Step 4:unextimes++ if unextimes=T-S changes Step 7, otherwise changes Step 5.

Step 5: get next thread, change Step 3.

Step 6: make unextimes=0, if A[x, y]=-1, this thread is dispensed to [x, y] position, and the origin-location is changed to-1; Otherwise with the thread switch on this thread and [x, the y].Change Step 5.

Step 7: the position output mapped file according to each thread, finish.

Be example with above-mentioned H.264 demoder still, suppose not have particular thread need be fixed on certain particular processor unit, set d=1, the result that this method is carried out is: IP10 maps to (0,0), IP9 maps to (0,2), and IP7 maps to (0,3), and IP2 maps to (1,0), IP11 maps to (1,1), and IP1 maps to (1,2), IP3 maps to (1,3), and IP5 maps to (2,0), IP0 maps to (2,1), and IP6 maps to (2,2), IP4 maps to (2,3), and IP8 maps to (3,2).

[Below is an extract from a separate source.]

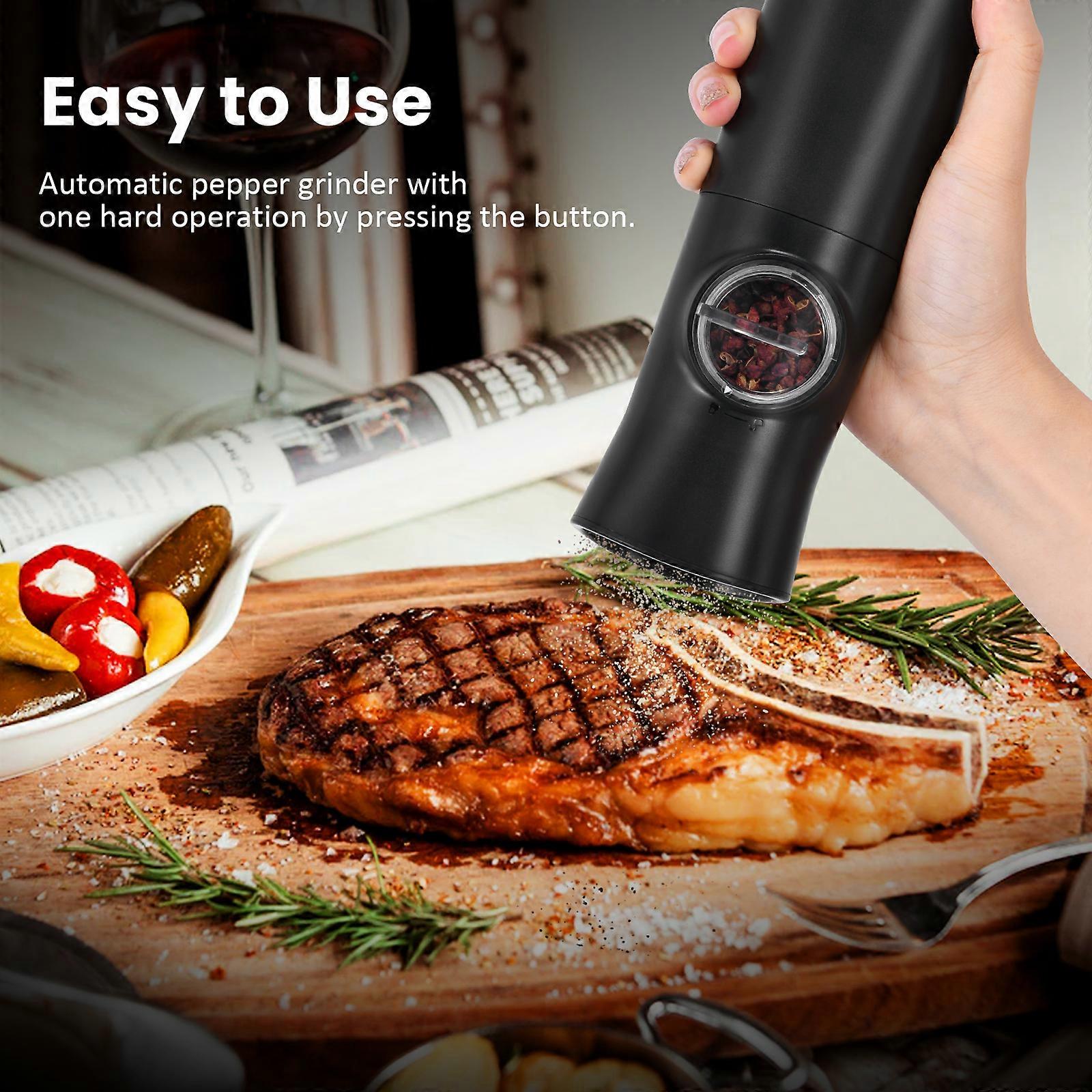 Electric Salt & Pepper Grinder Set, Auto Rechargeable, Black, 2-Pack

Suppose that thread IP5 must map to (3,1) in advance, set d=2, the result that this moment, this method was carried out is: IP10 maps to (3,3), IP9 maps to (1,3), and IP7 maps to (0,3), and IP2 maps to (3,2), IP11 maps to (2,2), and IP1 maps to (1,2), IP3 maps to (0,2), and IP5 maps to (3,1), IP0 maps to (2,1), and IP6 maps to (1,1), IP4 maps to (0,1), and IP8 maps to (1,0).

Carrying out coding-decoding operation with two sections film-pieces that only contain box and hand is instantiation, and it maps to 20 threads among 5 * 5 the NoC, and document 1 described method and the inventive method power consumption and time ratio see Table 2 and table 3 more respectively:

Table 2 document 1 described method and the inventive method power consumption comparison sheet

Table 3 document 1 described method and the inventive method time comparison sheet

Data show in table 2 and the table 3, and the optimum solution that method of the present invention is calculated is littler than document 1 described optimum solution power consumption; And when d=1, the time of finding the solution is shorter.

Should be noted that and understand, under the situation that does not break away from the desired the spirit and scope of the present invention of accompanying Claim, can make various modifications and improvement the present invention of foregoing detailed description.Therefore, the scope of claimed technical scheme is not subjected to the restriction of given any specific exemplary teachings.

Claims

1. the duty mapping method of a two-dimensional grid network-on-chip comprises the following steps:

3) export mapped file according to the position of described all threads.

2. method according to claim 1 is characterized in that, described step 1) comprises:

3. method according to claim 1 is characterized in that, described all threads also comprise the special thread that need map to ad-hoc location.

4. method according to claim 3 is characterized in that, described step 1) comprises:

11 ') list described special thread in a formation;

5. according to claim 2 or 4 described methods, it is characterized in that described step 13) is calculated common thread desired location to be allocated according to following formula according to the thread desired location of having distributed:

6. according to claim 2 or 4 described methods, it is characterized in that described step 2) comprising:

7. method according to claim 1 is characterized in that, near the common thread the described desired location or the distance of clear position and desired location are less than predetermined threshold.

8. method according to claim 6 is characterized in that, described and distance desired location is calculated according to manhatton distance.